Anritsu MW8208A PIM Master Passive Intermodulation Analyzer w/ OPT: 0425
$2,029.00
Availability:
In stock
SKU
6C128
Condition: Refurbished / Calibrated
Warranty: 1 YEAR WARRANTY
Anritsu MW8208A PIM Master
PIM Master™ Introduction
Anritsu Company introduces its first generation high performance PIM testing solution for the Cellular, E-GSM, PCS, and AWS, frequency bands. Anritsu has developed the PIM Master to verify if receiver interference at a cell site is due to an intermodulation product of two or more transmit frequencies, also known as passive intermodulation (PIM).
The PIM Master generates two high power tones in the transmit band of a base station and Anritsu’s family of handheld RF instruments’ PIM Analyzer measures the 3rd, 5th, or 7th order intermodulation products in the receive band coming back down the same cable. And the GPS option will record the location of the measurement.
Anritsu’s handheld instruments supporting the PIM Master include:
The current standard of PIM testing offers a well-known system of two primary carriers and a calculated PIM frequency, which is monitored via a spectrum analyzer. This provides a measurement of the overall linearity of the antenna system and the surrounding environment.

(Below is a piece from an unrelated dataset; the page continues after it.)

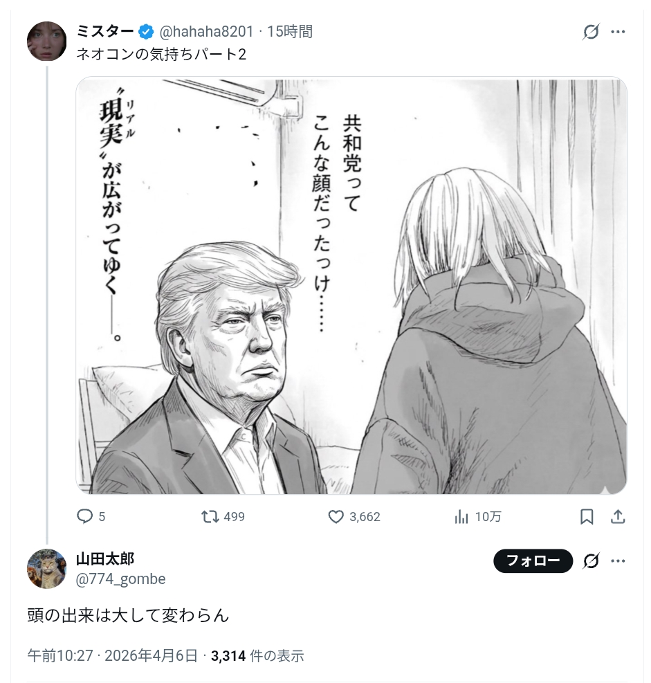 | … | 25026/04/08(水)00:38:12No.1418270784+>共和党員より意味分からないのは日本人がコイツ持ち上げてた事だろ |

As more power goes up the antenna lines a coaxial connection is more likely to cause a fault on a tower. Traffic through the site plays a big part – a relatively quiet site will not usually see the same performance problems that a busy site will see. The main reason we use a PIM test is that it is the most comprehensive measure of electrical connection quality that is commercially available.
PIM Testing versus Line Sweeping
A PIM test cannot, however, measure VSWR. This means the test set will not see an open or short condition, unless the fault displays non-linear behavior. A return loss figure that is failing will not be determined with a PIM test measurement.
Components deteriorate as they age due to a number of issues, including poor mechanical design, poor installation, and moisture ingress (which is the most significant). On-site faults can mostly be categorized into two main types: linearity related and impedance related.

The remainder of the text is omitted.